● **Your instructions**: Output the lines from the one containing "结合实际业务,,,,从规划设" through the last line of the material below, exactly; please do not include pictures.

● **Collected material**:

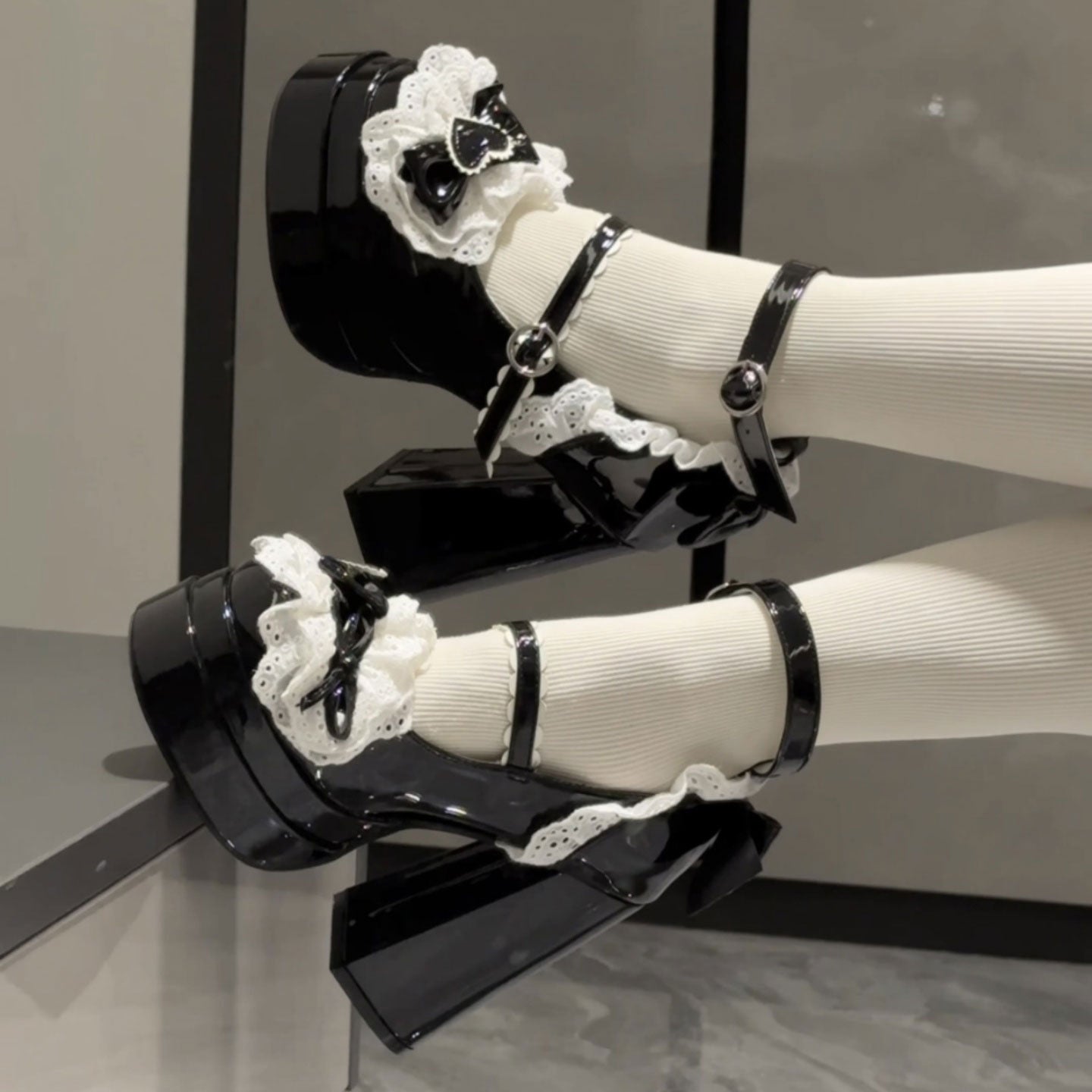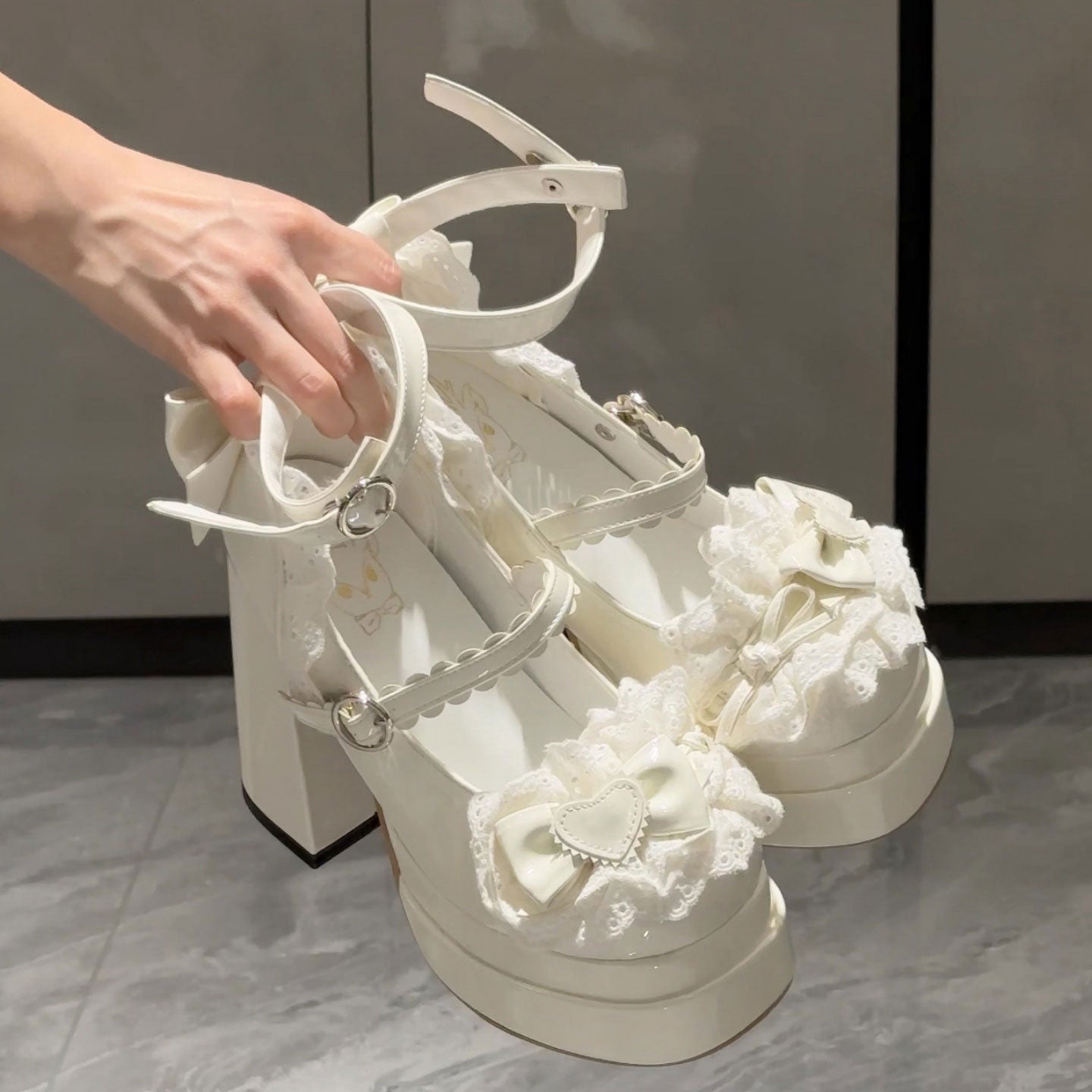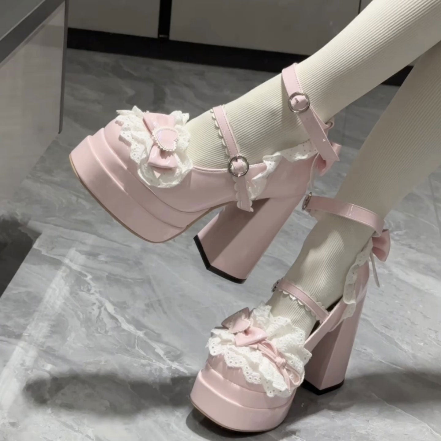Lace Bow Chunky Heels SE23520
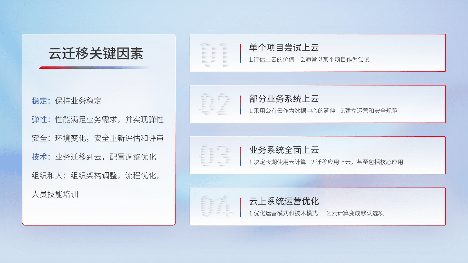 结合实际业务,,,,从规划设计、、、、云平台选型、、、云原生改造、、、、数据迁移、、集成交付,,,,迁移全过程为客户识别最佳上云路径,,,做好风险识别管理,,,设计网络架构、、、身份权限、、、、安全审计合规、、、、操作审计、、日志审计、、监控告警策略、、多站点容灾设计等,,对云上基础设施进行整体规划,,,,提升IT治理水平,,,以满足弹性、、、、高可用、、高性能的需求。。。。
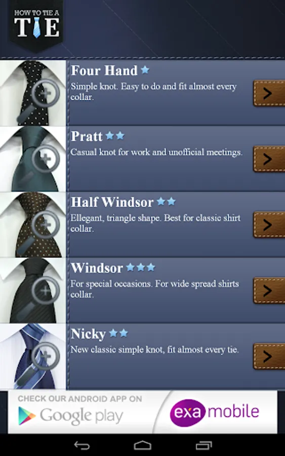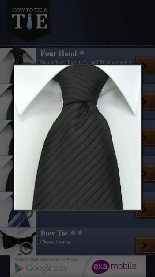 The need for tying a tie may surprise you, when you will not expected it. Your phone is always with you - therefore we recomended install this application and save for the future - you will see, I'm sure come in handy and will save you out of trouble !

● **Result of this task**:
 结合实际业务,,,,从规划设计、、、、云平台选型、、、云原生改造、、、、数据迁移、、集成交付,,,,迁移全过程为客户识别最佳上云路径,,,做好风险识别管理,,,设计网络架构、、、身份权限、、、、安全审计合规、、、、操作审计、、日志审计、、监控告警策略、、多站点容灾设计等,,对云上基础设施进行整体规划,,,,提升IT治理水平,,,以满足弹性、、、、高可用、、高性能的需求。。。。
 The need for tying a tie may surprise you, when you will not expected it. Your phone is always with you - therefore we recomended install this application and save for the future - you will see, I'm sure come in handy and will save you out of trouble !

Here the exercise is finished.